3.2.2. Hile her türlü delille ispat edilebileceği gibi iptal hakkının kullanılması hiç bir şekle bağlı değildir. Aldatmanın öğrenildiği tarihten itibaren bir yıllık hak düşürücü süre içerisinde karşı tarafa yöneltilecek bir irade açıklaması, defi yahut dava yoluyla da kullanılabilir.
3.2.3. 4721 sayılı Türk Medeni Kanunu'nun 1023. maddesi “ Tapu kütüğündeki tescile iyiniyetle dayanarak mülkiyet veya bir başka aynî hak kazanan üçüncü kişinin bu kazanımı korunur.” hükmünü düzenlemiştir.

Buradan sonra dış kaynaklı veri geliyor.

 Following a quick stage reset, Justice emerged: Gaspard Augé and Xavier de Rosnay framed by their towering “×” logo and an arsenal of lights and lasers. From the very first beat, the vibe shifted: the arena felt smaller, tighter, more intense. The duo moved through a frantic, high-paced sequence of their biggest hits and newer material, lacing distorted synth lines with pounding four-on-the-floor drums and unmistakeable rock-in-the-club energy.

3.2.4. Öte yandan; 14/02/1951 tarihli ve 1949/17 Esas, 1951/1 sayılı Yargıtay İçtihadı Birleştirme Kararının sonuç kısmında belirtildiği üzere, “vakıa ve karinelerden, olayda kanunen iyiniyet iddiasında bulunamayacağı belirlenmiş olan kimsenin kötüniyetinin, diğer tarafa ispat ettirilmesine artık sebep ve vecih kalmayacağına ve dava hakkının doğumunu sağlayan veya bertaraf eden iyiniyetin ve kötüniyetin bu durumda mahkemece re'sen nazara alınabileceğine” karar verilmiştir.

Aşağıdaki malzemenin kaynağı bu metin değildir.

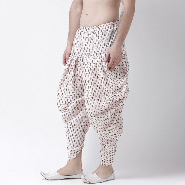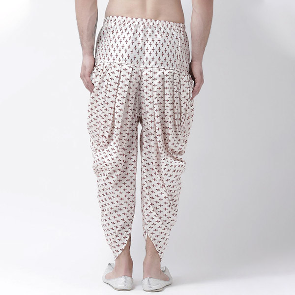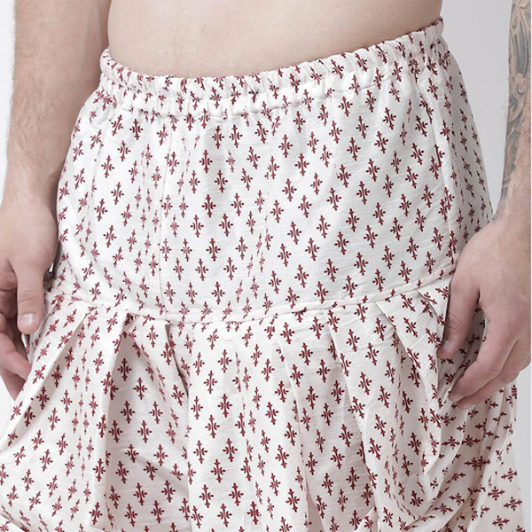 Off-white and red printed mid-rise dhoti with gathered and pleated detail, has an elasticated waistband

3.2.5. 6100 sayılı Hukuk Muhakemeleri Kanunu'nun 124. maddesinin 3. fıkrasında ise “Ancak, maddi bir hatadan kaynaklanan veya dürüstlük kuralına aykırı olmayan taraf değişikliği talebi, karşı tarafın rızası aranmaksızın hâkim tarafından kabul edilir.” düzenlemesine yer verilmiştir.
3.3. Değerlendirme
3.3.1. Dosya içeriğinden, dava konusu 2076 parsel sayılı taşınmaz ... ... adına kayıt iken ölümü ile taşınmazın aralarında davacı ... ve davalı ...’in de bulunduğu mirasçılarına intikal ettiği, taşınmaz elbirliği mülkiyete tabi iken ...’nin payını 01/04/2015 tarihinde davalı kardeşi İsmail’e temlik ettiği, 16/03/2016 tarihinde taşınmazın tevhit ile 5424 parsel numarasını aldığı, taşınmazda kat irtifakı tesis edildiği, davalı ... adına D blok 7, E blok 2, 6, ve 10, F blok 1, 3, 7 ve 11 numaralı bağımsız bölümlerin tescil edildiği, İsmail’in 26/09/2016 tarihinde D blok 7, E blok 2, 6, ve 10 numaralı bağımsız bölümleri davalı ...’a, F blok 1, 3, 7 ve 11 numaralı bağımsız bölümleri ise davalı ...’e bağış suretiyle devrettiği, eldeki asıl davanın ise 07/10/2016 tarihinde açıldığı, anlaşılmaktadır.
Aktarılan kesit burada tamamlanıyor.